Most options are priced with similar assumptions. They’re modeled on something called geometric Brownian motion, which describes the behavior of a particle suspended in gas. The particle has no memory. It is path independent. But unlike the particle, the market has memory. People have memory. And as we demonstrated, it is path dependent. So its behavior will not be a true random walk.

People are slowly learning what the quant guys have known for years: the market is not random, and you can profit from that. There would be no commodity trading advisors (CTAs) if the market were random. But the guys who have disproved market efficiency are making too much money to bother filling out a Nobel Prize application.

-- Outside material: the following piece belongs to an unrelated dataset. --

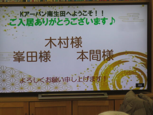 まずは、新規入居者様のご紹介です!この数か月の間に、新しく入居してこられた方が3名ほどいまして、こちらが峯田様、木村様、本間様です。

This is the problem technical analysis claims to solve. The technical guys are half right. The market is path dependent, yes, and they have constructed a set of rules to describe this behavior. Problem is, sometimes the rules work… sometimes they don’t. Technical analysis is most helpful as a guide rather than gospel.

This is a roundabout way of saying that the efficient-market people who tell you that you can’t beat the market so you shouldn’t try—well, those people suck. Don’t hang around with those people. Deep down, I have always felt that you should try. Anything worth doing is worth doing well.